Monja Coen – O primeiro passo é ter uma assiduidade de freqüência, de conhecimento do budismo e prática. Depois, fazer os votos para seguir os ensinamentos de Buda. Para isso acontecer, faço o curso de um ano, mas cada professor tem sua sistemática. Após esse período, a pessoa fica de um a dois anos em observação com o professor, para ver se é correto para ela se tornar um monge, pois é uma dedicação para toda a vida.
O que significa o Sutra do Coração?
Monja Coen – É o sutra da grande sabedoria completa e quando a praticamos, libertamo-nos de todas as dores e sofrimentos. É necessário que seja vivenciada, não é uma coisa para ser apenas conhecida intelectualmente.
O que você pode nos falar sobre a assembleia geral da Iniciativa das Religiões Unidas, evento que ocorreu no mês de agosto no Rio de Janeiro (RJ) e que teve a presença de representantes do budismo?
Monja Coen – Esse evento surgiu através de um bispo anglicano que foi à Organização das Nações Unidas e recebeu questionamentos sobre a não existência das religiões unidas. Então, ele se propôs a começar o trabalho e a idéia deu certo. A Iniciativa das Religiões Unidas reúne pessoas do mundo todo, de todas as crenças.
Qual foi a principal proposta do budismo nesse encontro?
Monja Coen – Pelo que pude perceber, a proposta de todos é criar uma sociedade sem violência. Para isso, o primeiro passo é a sabedoria iluminada, que possibilita a percepção de nos vermos como verdadeiramente somos, não criarmos uma fantasia. O segundo é a compaixão, pois se temos o ser iluminado dentro de nós, devemos cuidar do planeta, dos outros, de tudo que existe. A terceira coisa são ações decisivas de transformação. Todas as religiões possuem seus próprios projetos e o que não existe entre elas é uma rede de comunicação. Essa iniciativa das religiões unidas se propõe a ser essa rede, o objetivo é unir pessoas de diversas crenças para que haja um intercâmbio. Já passou a época de se dizer que uma religião é a única que salva, nossa linguagem tem que ser modificada. Nós somos múltiplos, nossas necessidades são diferentes. Cada um tem a crença que melhor repercute em seu coração, é importante perceber que não podemos excluir o outro. Agora, depois do evento, vamos fazer um questionário internacional perguntando às pessoas o que elas realmente querem, pois quando questionamos, fazemos os indivíduos refletirem. Daqui a três anos, iremos nos reunir novamente para avaliarmos os resultados e, enquanto isso, todos nós continuaremos com nossas ações. Acho que aqui em São Paulo devemos ter uma ação conjunta, que envolva os jovens e as crianças. Educação é uma coisa fundamental. A transformação do mundo só vai ocorrer se houver saúde e educação, pois é necessário haver justiça social para existir paz.
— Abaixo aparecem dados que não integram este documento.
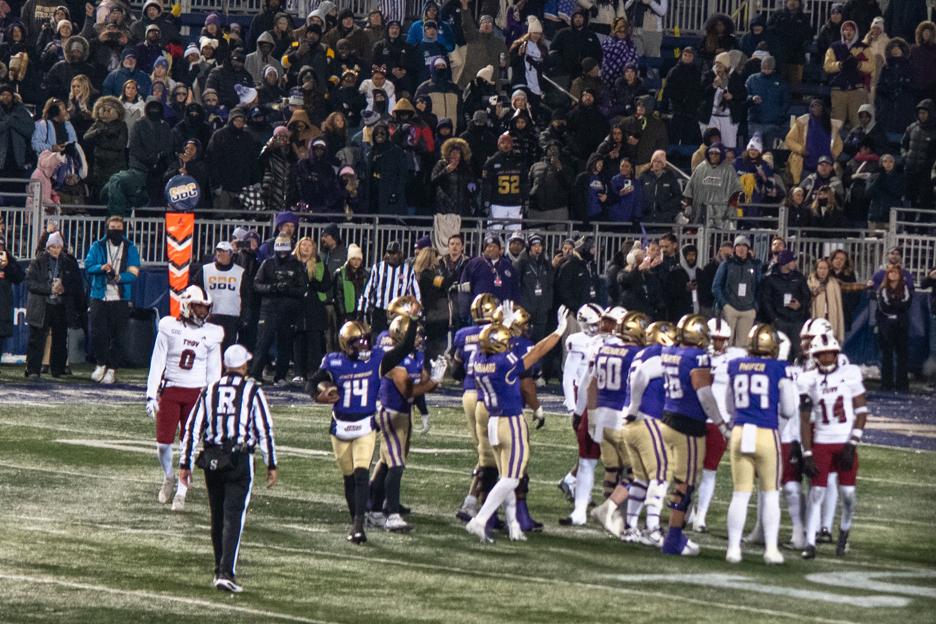 Troy QB Chirping the Fans.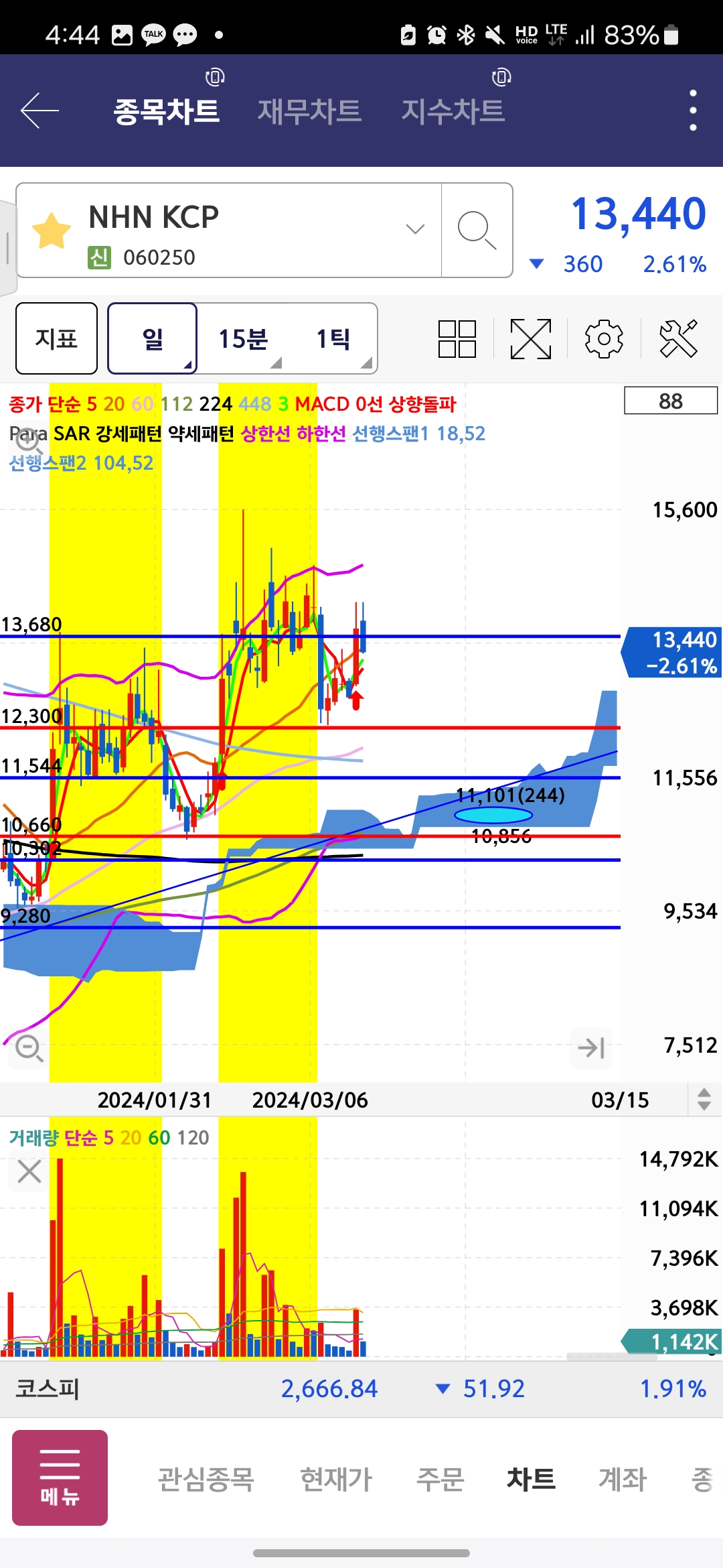 - NHN KCP > 60일선 지지 / 상승추세 및 60일선 지지하는 것을 보고 선취매 / 결재테마 / 10~15%

Para finalizar, que mensagem de paz você gostaria de deixar aos nossos leitores?
Monja Coen – Temos que nos transformar na paz. É muito importante que encontremos isso em nós, porque todos temos e somos esse estado, mas, muitas vezes, a paz está escondida no meio dessa confusão que parecemos estar vivendo. Porém, podemos dar um salto quântico, transformar a Terra em um lugar sagrado e puro. Faça o Ser Iluminado se manifestar em si e no outro.